Selling Lifeboats on the Titanic

Tom Rand
ArcTern Ventures
Published in
2 min readDec 21, 2016

Speaking at a cleantech event recently, I bemoaned the lack of urgency in capital movement to the sector. Carbon builds, capital barely moves. Climate growls, capital purrs. Our national and global efforts to mitigate climate risk looks an awful lot like bailing the Titanic out with a teaspoon. And gosh, it’s not like our civic institutions and food security is at risk, right? … So I expressed my usual impatience.

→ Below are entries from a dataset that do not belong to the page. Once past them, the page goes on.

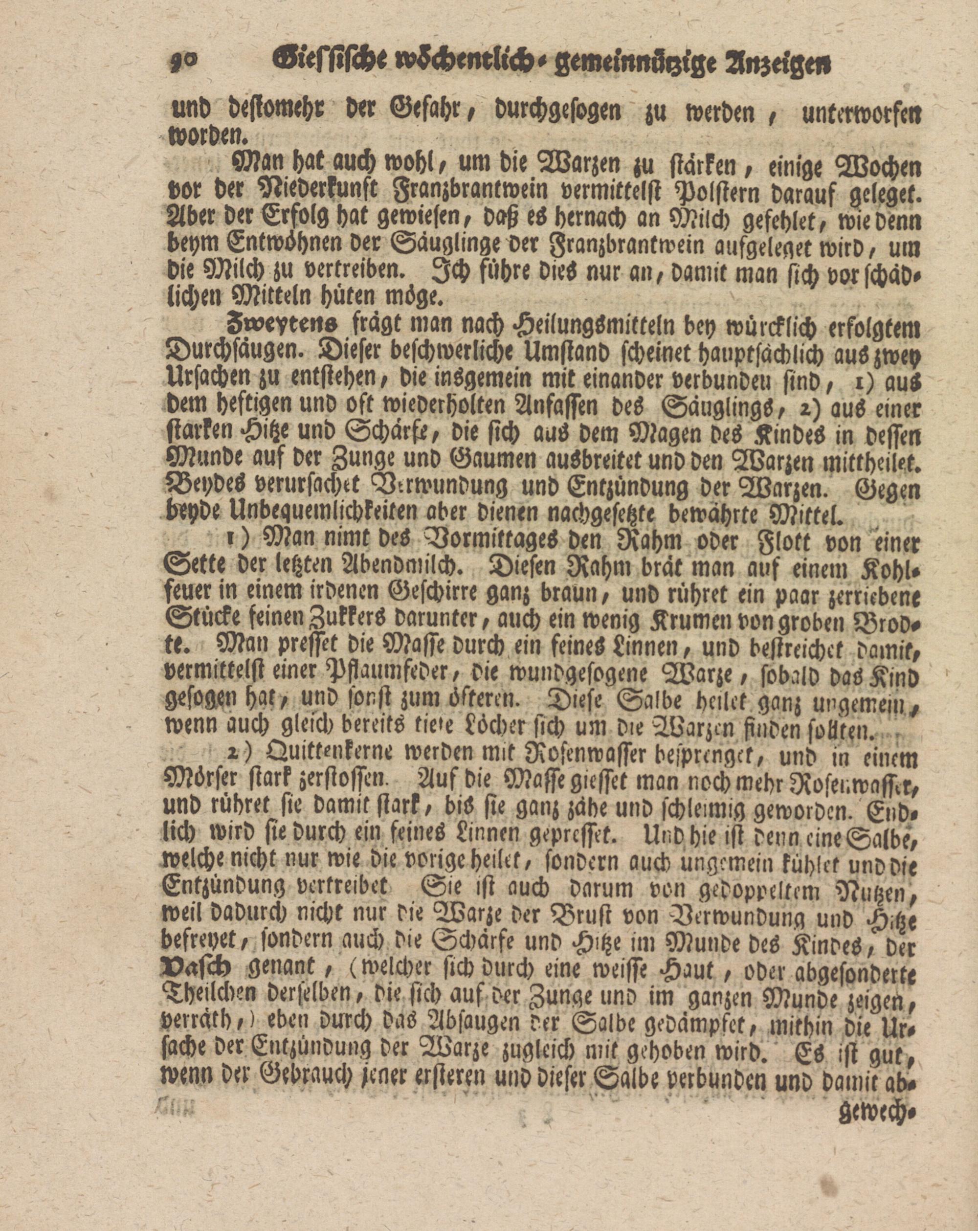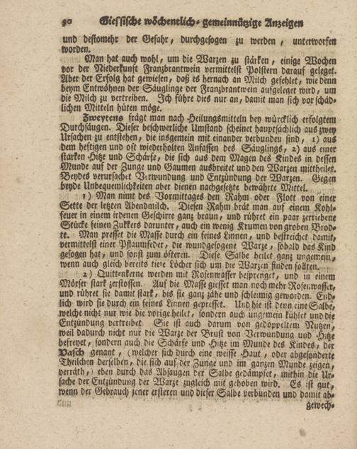 ।) Man nimt des Vormittages den Rahm oder Flott von einer Sette der letzten Abendmilch. Diesen Rahm brät man aus einem Kohlfeuer in einem irdenen Geschirre ganz braun, und rühret ein paar zerriebene Stücke seinen Zukkers darunter, auch ein wenig Krumen von groben Brod- tt. Man presset die Masse durch ein feines Linnen, und bestreichet damit, vermittelst einer Pfiaumfeder, die wundgesogene Warze, sobald das Kind gesogen hak, und sonst zum öfteren. Diese Salbe hellet ganz ungemein, wenn auch gleich bereits tie'e Löcher sich um die Warzen finden sollten.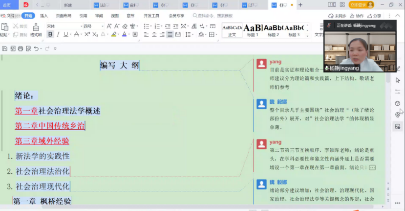 7月21日下午与27日晚上,欧乐影视 以线上线下相结合的形式召开了由法治与国家治理研究室具体负责《社会治理法学》教材编写研讨会。欧乐影视 汪世荣教授,张金平教授,褚宸舸教授、王斌通博士、杨静博士、张永林博士、徐海俊博士、鲁肖麟博士、马瑞丰博士和特邀校内专家郑文副教授、魏毅娜博士、李颖晖博士一起参与研讨。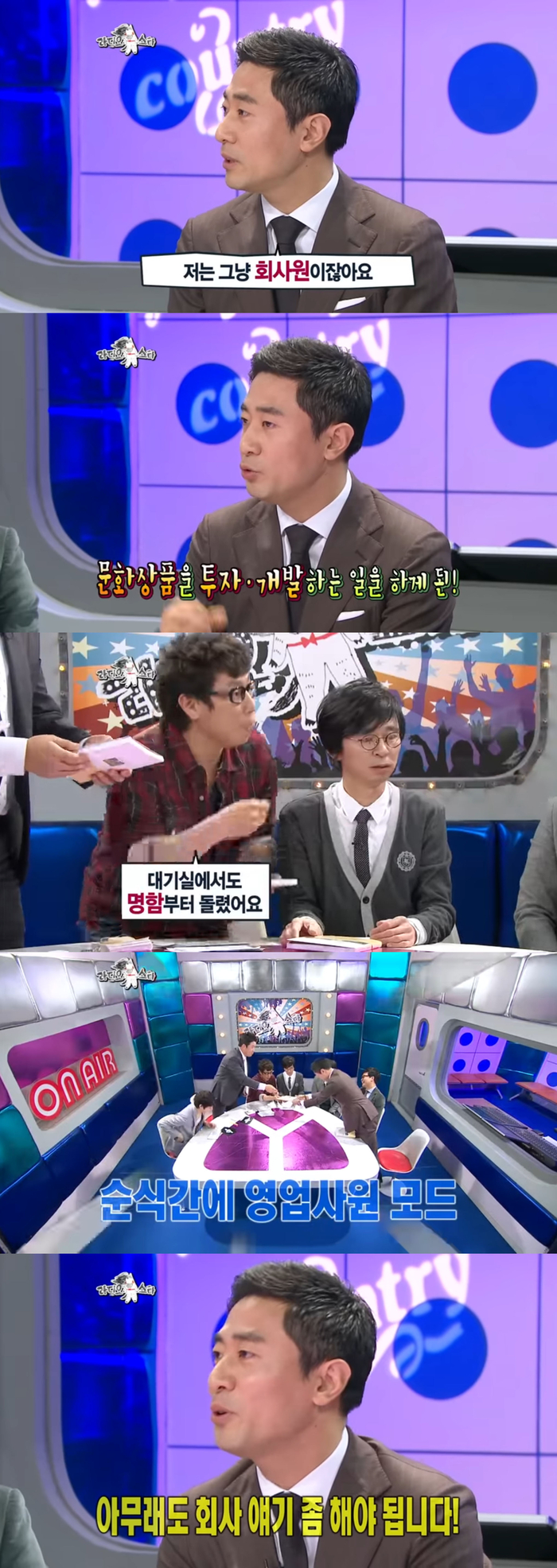 김범수의 모습에 김구라는 “회사에서 압박을 많이 받는 것 같다”고 하자 김범수는 “아무래도 성과를 내야한다”며 홍보성 발언의 이유를 밝혔다.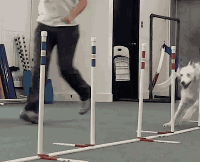 She weaves through poles.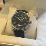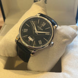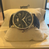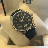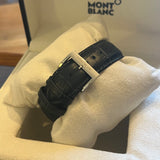 Diameter 42 mm. Stainless steel case. Smooth steel bezel. Montblanc crown. Black guilloché dial with Roman numerals. Luminescent hands and tips. Sapphire crystal. Automatic movement. Transparent case back with stickers. Black off-brand leather strap. Stainless steel pin buckle with Montblanc emblem.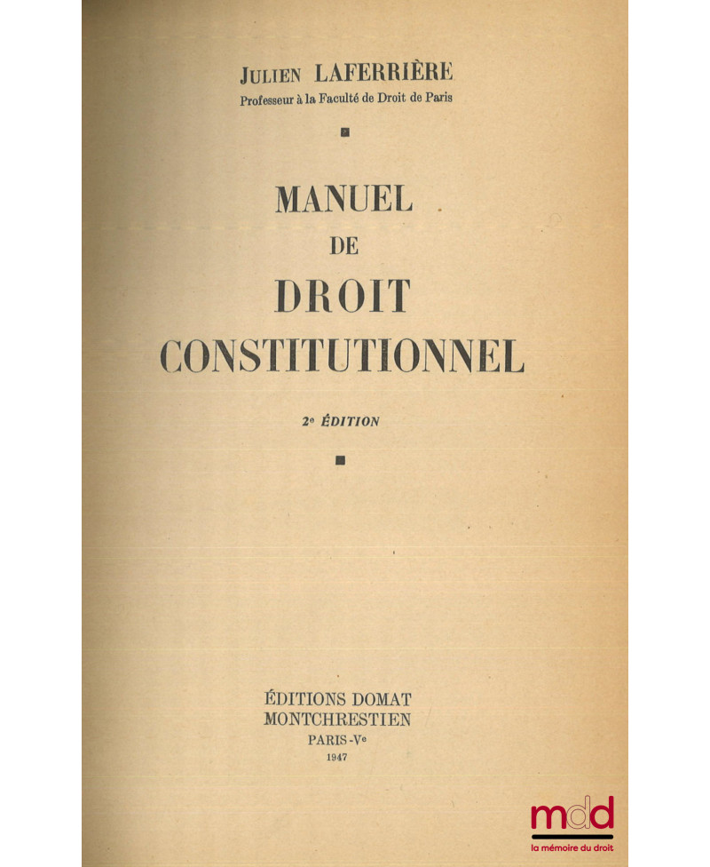 MANUEL DE DROIT CONSTITUTIONNEL, 2e éd.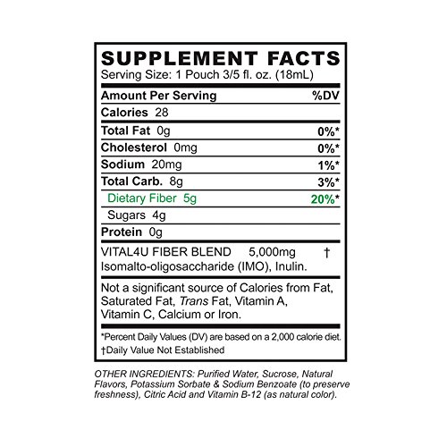 -. Feature : Each box contains 12 individual pouches, (24 Pack) is 2 x 12 count boxes / CONVENIENT: No mixing required! The first ready to drink fiber supplement of it's kind, drink straight from the pouch. Our signature pouch is compact and strong and easily travels with you anywhere! / NATURAL and EFFECTIVE: 20% of your Daily Value of Dietary Fiber! 5 grams of natural, soluble prebiotic fiber per serving. Made from Isomalto Oligosaccharide (IMO) and Inulin. / RELEIF: Prebiotic fiber helps support and feed the existing probiotic bacteria already living in your digestive tract. Prebiotics are found naturally in foods like Chicory Root, Raw Asparagus, Raw Dandelion Greens, Raw Garlic and much more. / GLUTEN FREE: Certified Gluten-Free, Only 28 calories per serving with no artificial sweeteners, colors or flavors.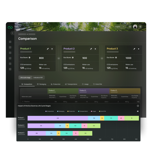 Track, analyze and manage your company's impact data using scalable LCAs aligned with ISO 14040/44 in order to identify areas of improvement and to meet sustainability targets across products and business activites. From product LCA to corporate sustainability, centralize and report results with the ability to deliver environmental impact and actionable insights in the hands of your decision makers.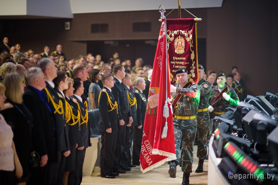 Высокопреосвященнейший Стефан, архиепископ Гомельский и Жлобинский принял участие в праздничном мероприятии, посвящённом предстоящему Дню белорусской милиции, которое состоялось 1 марта 2018г. в Гомельском Общественно-культурном центре. На мероприятии присутствовали председатель Гомельского городского исполнительного комитета Кириченко Петр Алексеевич, начальник Управления внутренних дел Гомельского облисполкома генерал-майор милиции Захарчук Владимир Андреевич, служащие и ветераны милиции. Обращаясь со словами поздравления к присутствующим Владыка отметил, что Белорусская милиция уже более ста лет стоит на страже интересов государства и общества, и поэтому очень важна духовная составляющая такого служения, позволяющая хранить верность своему высокому призванию, помнить о Присяге, долге и чести. Завершилось мероприятие праздничной концертной программой, представленной творческими коллективами г.Гомеля. |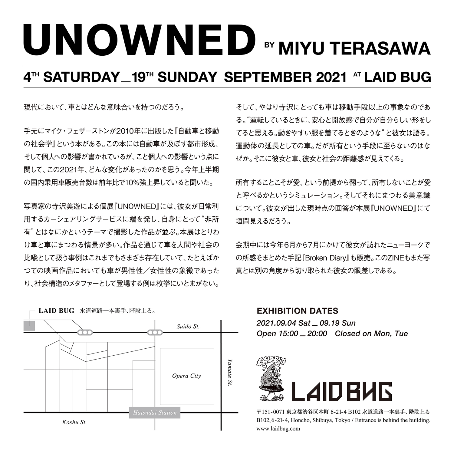 寺沢が日頃から利用するカーシェアリング・サービスが発端という同展では、“非所有とはなにか”をテーマに撮影された車と車にまつわる情景の写真を展示販売。会場内では、今年6月から7月にかけて寺沢が訪れた米ニューヨークでの体験を綴った手記『Broken Diary』も販売されます。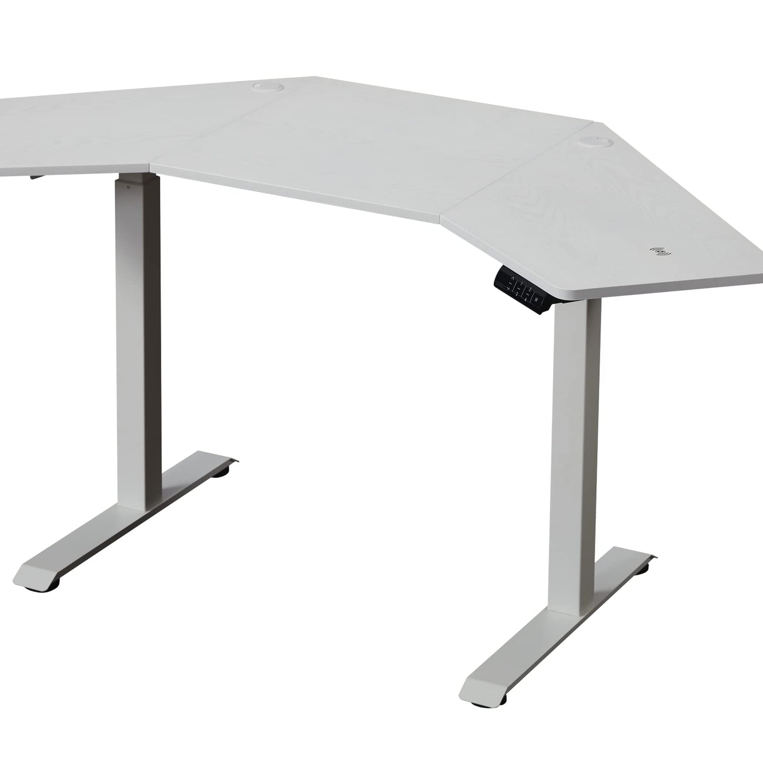 kowo L Shaped Height Adjustable Electric Standing Desk with USB C Hub & Wireless Charger, Sit Stand Corner Desk, Memory Settings, Stand Up Computer Desk Adjustable Table, White

The speaker after me was in a sunnier mood. Hey — if there’s a few people at the back of the boat who don’t care about the boat sinking — why worry? “I’ll be the one selling them lifeboats!” A classic view from pure financial players — hey, if others are too stupid to get it, I’ll arbitrage the opportunity and make big bucks.

There are (at least) two problems with this view:

1. A world of lifeboats, and no mothership, is not a world in which IRR boosts provide much succor. If the boat sinks, lifeboats ain’t gonna get us to shore. I’m worried about the boat sinking, not how much I can make off it going down! Remember: at some basic level — we really are all in this together.

2. Those people who act as if the boat isn’t sinking? It’s the captain and all his buddies, getting drunk and ignoring the engineers’ warnings. Those most ardently opposing action on climate are those with their hands on the steering wheel. So yes, it matters what they believe — it’s OUR boat.

To my fellow cleantech capitalists: the boat is sinking and we’re all on it — welcome to the Anthropocene. There’s more to cleantech than mere IRR.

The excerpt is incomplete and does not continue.